No more tax avoidance
The Guardian reports that the CEO of UK banking giant Lloyds has promised to (more or less) stop using tax havens:

“Chief executive António Horta-Osório said the 39%-taxpayer owned bank had embarked on a systematic review of ‘so-called tax havens’ after a shareholder demanded to know why the bank was the seventh biggest user of such facilities.

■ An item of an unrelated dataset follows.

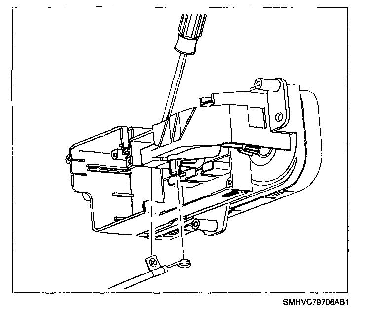2. Install cable eyelet onto control head pin and install cable housing flag into slot in control bead until it engages locking tab.
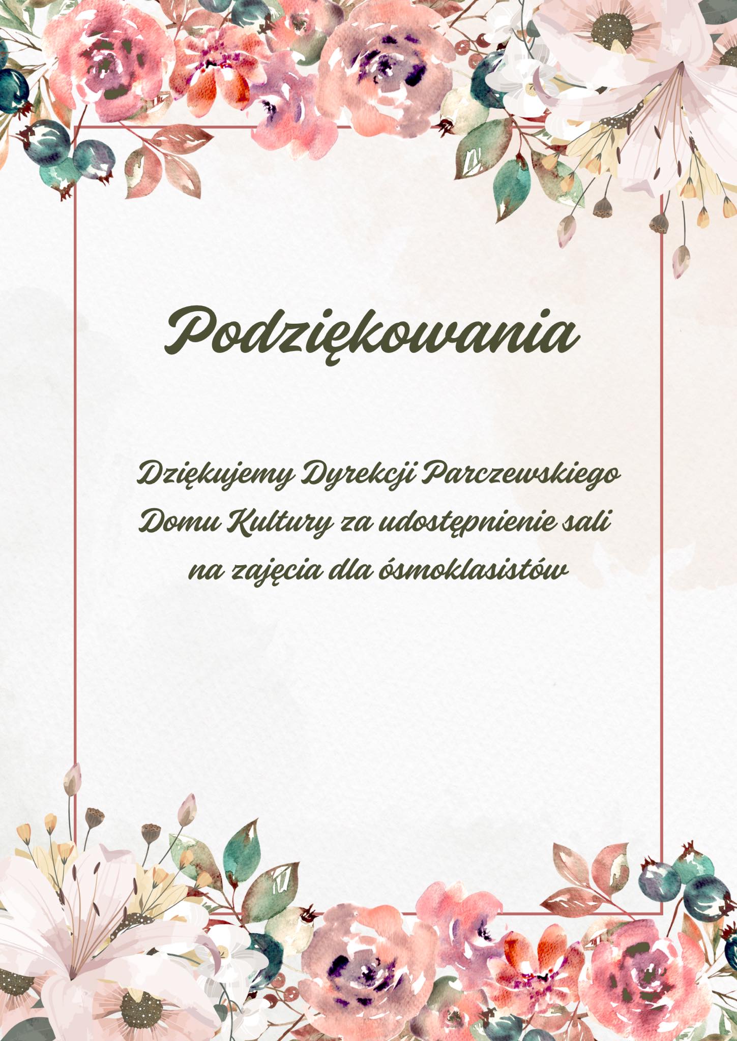 Dziękujemy Dyrekcji Parczewskiego Domu Kultury za udostępnienie salina zajęcia dla ósmoklasistów

‘In 2012 alone we have closed 60 of those companies and that is more than 20% of the total. We are going to close all of them unless there are strong business reasons for our customers to keep them there,’ he said at the meeting in Edinburgh. He later clarified that ‘business reasons’ did not mean ‘tax reasons’.”

Continued colonialism
Al Jazeera reports that a new study argues that living conditions for Canada’s aboriginal population provides “motives for an insurgency”:

“ ‘The Canadian right-wing establishment is seizing on this to justify its own agenda of stricter controls and the continued criminalisation of native people who defend their rights,’ Taiaiake Alfred, chair of the centre for indigenous governance at the University of Victoria, and one of Canada’s most influential aboriginal intellectuals, told Al Jazeera. ‘The positive elements of Canadian society – progressive values and social justice – are founded on the ongoing injustice of land theft and murder of indigenous people.’
In November, Paul Martin, Canada’s former prime minister and a business tycoon, echoed Alfred’s comments, albeit in a softer tone. ‘We have never admitted to ourselves that we were, and still are, a colonial power,’ he said.”

Shadowy corners
Oxfam’s Ben Phillips calls for a modern resurgence of the kind of “free-thinking insubordination” that helped bring about the renaissance and reformation:

“To exhalt the humble, we’re going to have to humble the exhalted.
That’s why charities are so focused on getting the G8 to deliver on transparency in land investments and in taxation – because knowledge is power, because stealing is harder in broad daylight. The G8 would, no doubt, prefer if we only asked them to beneficent. But we’re insisting, most of all, that they are transparent, and end their role in providing shadowy corners for shady characters to hide their dodgy deals.”

Bad food
Sylvia Szabo argues in Global Policy for a new understanding of food security:

“Even, if hunger was to be completely eradicated, it would not mean that the planet would become food secure. Already today, developing countries, including those in Africa, are experiencing an increased consumption of processed foods. Obesity and chronic diseases are gradually becoming a new challenge in African societies, although many do not yet realise the gravity of the problem.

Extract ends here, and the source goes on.